Это тоже была поговорка.
Оставшись с Сычом наедине, редактор с минуту молча смотрел на корреспондента, потом заговорил:
— Нет-нет, вы когда-нибудь взорвете редакцию. Я попрошу у строителей монтажный пистолет и застрелю вас всех (очередная шуточка). Да, да, застрелю. И тебя первого.
На Сыча уставились воспаленные от долгого чтения глаза. Слипшиеся ресницы кончиками упирались в стекла.
— Ты что — заявление принес об уходе?
Сыч знал чудачества редактора, много слышал о его язвительных шутках, но тут его взорвало.
— Да,— кивнул он решительно и тут же присел к столу, размашисто начертил: «Прошу уволить... по собственному желанию».

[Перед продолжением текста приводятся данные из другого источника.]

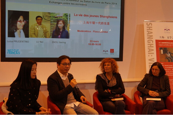 2014年3月23日下午,上海年輕作家路內和周嘉寧與法國女作家 Luisa PRUDENTINO 在巴黎圖書沙龍上一起對談《上海年輕作家的生活》。對談結束后,路內和周嘉寧為讀者進行簽名售書。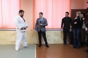 Куратор проекта «Детский спорт» Денис Лапотышкин посетил отремонтированный спортивный зал Полетаевской средней школы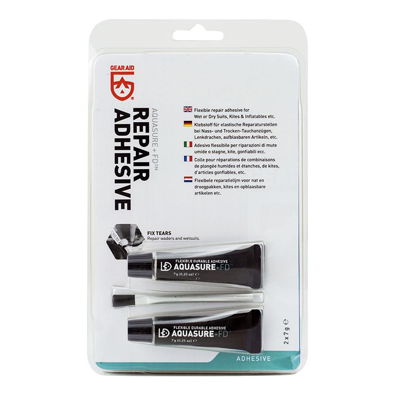 GearAid Aquasure +FD er verdens mest populære reparasjonslim som du kan bruke til mange forskjellige formål. Tørker elastisk og forårsaker ikke stivhet i stoffet, derfor er det veldig populært for eksempel til reparasjon av vadere. Aquasure reparasjonslim som er egnet for reparasjon av for eksempel våtdrakter, vadere eller gummibåter. Klar, vanntett uretanreparasjonslim fester seg permanent til overflater og tørker klart. Etter herding er Aquasure et fleksibelt og elastisk gummilim som er ideelt for reparasjon av utendørsutstyr som er i konstant bevegelse. Det gir også utmerket slitestyrke. Svært allsidig – Fester seg til alle typer vanntette utendørsstoffer, for eksempel neopren, gummi, nylon, stoff og vinyl. GearAid Aquasure +FD er et utmerket reparasjonslim for applikasjoner som krever et vanntett resultat.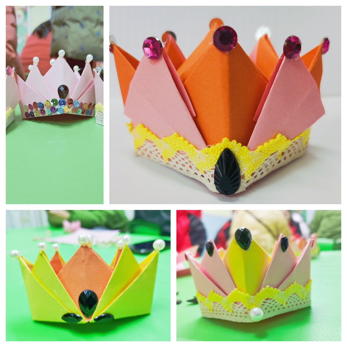 活动开始,首先大家一起观看视频学习了折纸皇冠的具体方法。随后,大家迫不及待的开始创作自己的作品。看!一张张彩色的卡纸在大家手中上下左右不断地翻折着。不一会儿,一个个栩栩如生的皇冠就出现在大家手里。在创作过程中大家相互交流着自己的经验和技巧,整个活动过程气氛融洽,充满了欢声笑语。看着自己亲手制作的作品,大家相互展示,分享着成功的喜悦。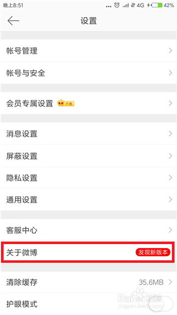 接下来在微博的设置界面中找到【关于微博】选项,后方会显示【发现新版本】,点击这个选项。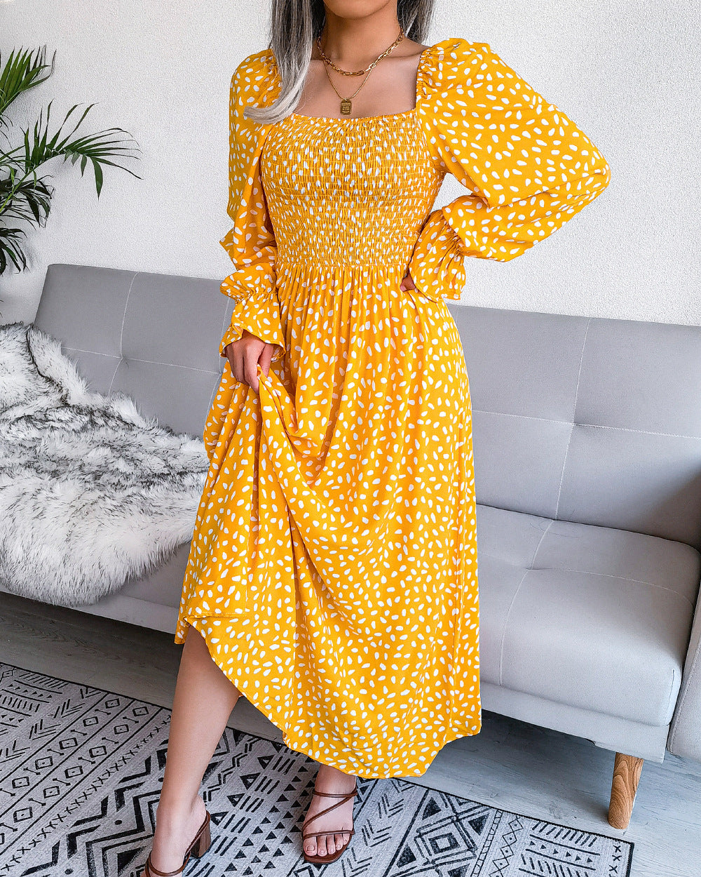 Fließend, farbenfroh und freigeistig ist dieses langärmlige Maxikleid für Damen mit Polka Dots perfekt für den Frühling. Das Kleid besteht aus leichten Materialien, die luftig und atmungsaktiv sind.

Редактор взглянул на подвинутую ему бумагу, потрогал пером ноготь собственного пальца. Потом ещё ближе пододвинул к себе заявление. Читал он внимательно, как читают малограмотные. И наклонял голову то на одну сторону, то на другую. Потом вкрадчиво кончиками пальцев стал приближать заявление к себе:
— Эх-хе-хе... Сыч, Сыч... Летать бы тебе ночью, а днем в глухих зарослях сидеть, как тезке твоему. Ничего-то ты не видишь, не разумеешь — молодой ты и горячий. В газете таким противопоказано, наплачешься с тобой в газете. А заявленьице ты правильно написал — по собственному желанию, по-хорошему... И тебе лучше, и нам спокойнее.

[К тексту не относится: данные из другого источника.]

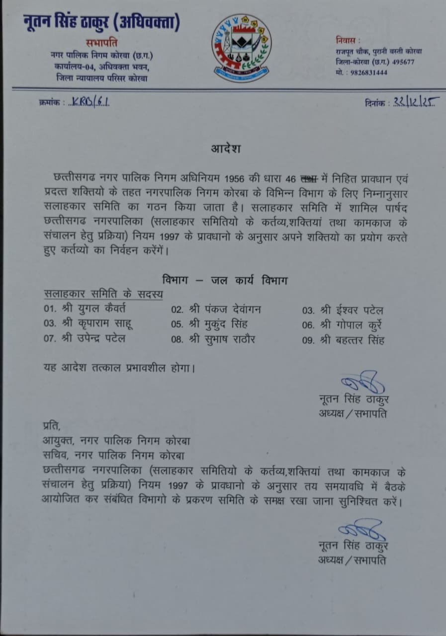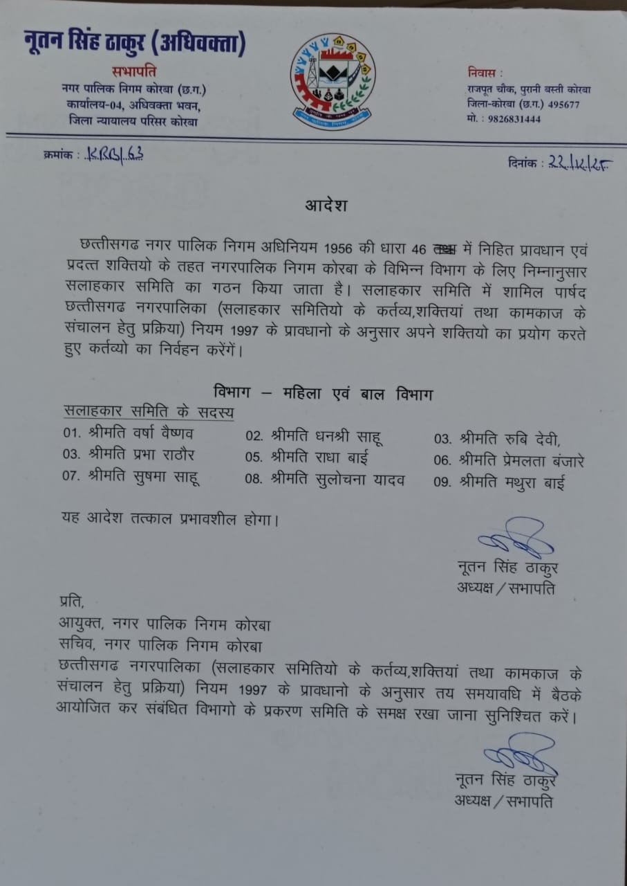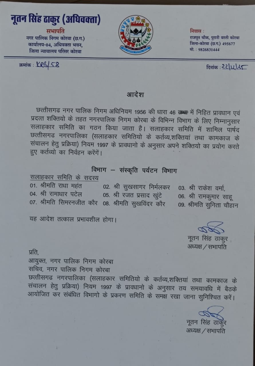 नगर पालिका निगम कोरबा के सभापति व अध्यक्ष नूतन सिंह ठाकुर ने छत्तीसगढ़ नगर निगम अधिनियम के तहत विभिन्न सलाहकार समितियां का गठन किया है। निगम सभापति नूतन सिंह ठाकुर ने इससे पहले भी दो समितियां का गठन किया था, इस बार चार विभागों के लिए गठित समितियां में 36 पार्षदों को स्थान दिया गया है जिसमें भाजपा, कांग्रेस और निर्दलीय पार्षद शामिल हैं। निगम अध्यक्ष नूतनसिंह ठाकुर द्वारा अधिनियम की धारा 46 के तहत आदेश जारी कर उद्यानिकी विभाग के सलाहकार समिति में तरुण राठौर, विनम्र तिवारी, बद्री किरण, अनुज जायसवाल, चेतन सिंह मैत्री, श्रीमती चंदाबाई, श्रीमती सीमा कंवर ,श्रीमती चंद्रकाली जायसवाल, श्रीमती सम्मत कुंवर कों शामिल किया गया है। इसी प्रकार जल कार्य विभाग समिति में युगल कैवर्त , पंकज देवांगन, ईश्वर पटेल, कृपाराम साहू, मुकुंद सिंह कंवर, गोपाल कुर्रे, उपेंद्र पटेल, सुभाष राठौड़ और बहत्तर सिंह शामिल किए गए हैं। महिला एवं बाल विभाग समिति में निगम के महिला पार्षदों को शामिल कर समिति बनाया गया है जिसमें श्रीमती वर्षा वैष्णव, श्रीमती धनश्री साहू, श्रीमती रूबी देवी, श्रीमती प्रभा राठौर, श्रीमती राधाबाई, श्रीमती प्रेमलता बंजारे, श्रीमती सुषमा साहू, श्रीमती सुलोचना यादव, श्रीमती मथुरा बाई को शामिल है। संस्कृति एवं पर्यटन विभाग समिति में श्रीमती राधा महंत, सुखसागर निर्मलकर, राकेश वर्मा, रामाधार पटेल, रजत खुटे, रामकुमार साहू, श्रीमती सिमरनजीत कौर, श्रीमती सुखविंदर कौर, श्रीमती सुनीता चौहान को शामिल करते हुए समिति गठित की गई है।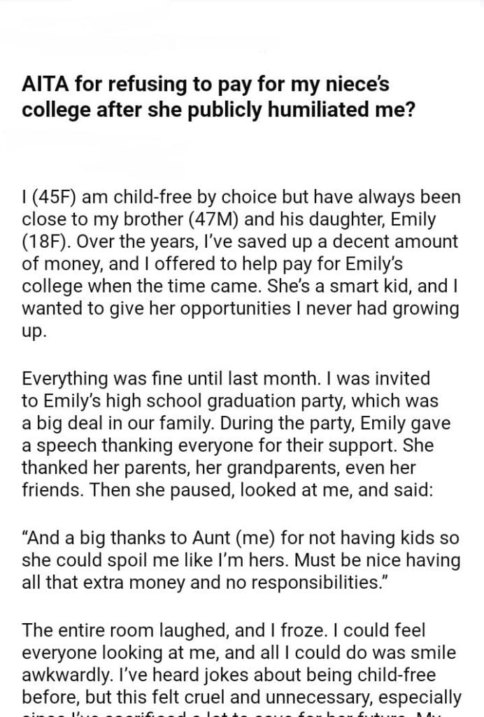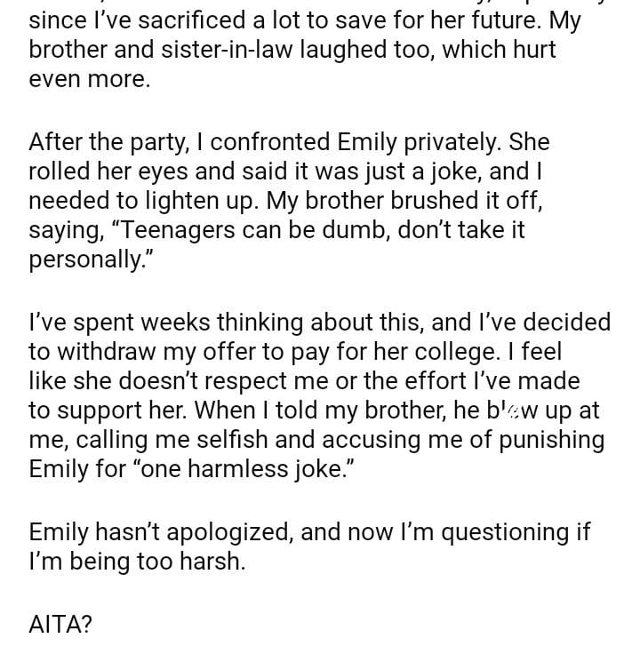AITA for my niece’s college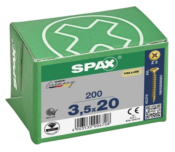 SPAX Universal Screws are designed for versatility, durability, and ease of use, featuring full threads, a flat countersunk head with SPAX's signature 90° MULTI head, and a PZ1 cross recess (pozi) drive. These screws offer clean, flush finishes and eliminate the need for pre-drilling or countersinking, thanks to innovative 4CUT technology that reduces wood splitting and torque requirements. Coated with YELLOX, an eco-friendly chromium(VI)-free finish, these screws provide excellent corrosion resistance, making them perfect for indoor applications. Experience efficient, reliable, and environmentally conscious fastening with SPAX Universal Screws.

— Подписывайте, Василий Григорьевич, не скоморошничайте. Ведь, наверное, устали всю жизнь шута разыгрывать.
Редактор сверкнул глазами из-под очков, быстро, нервно написал в углу листка: «Удовлетворить». И, не глядя на Сыча, двинул заявление на угол стола. Евгений с достоинством взял заявление, аккуратно свернул его, положил в карман. И уже в дверях повернулся, сказал редактору:
— Вы не волнуйтесь, Василий Григорьевич, не переживайте. За фельетон вас в тюрьму не посадят. А если что, звоните мне. Помогу.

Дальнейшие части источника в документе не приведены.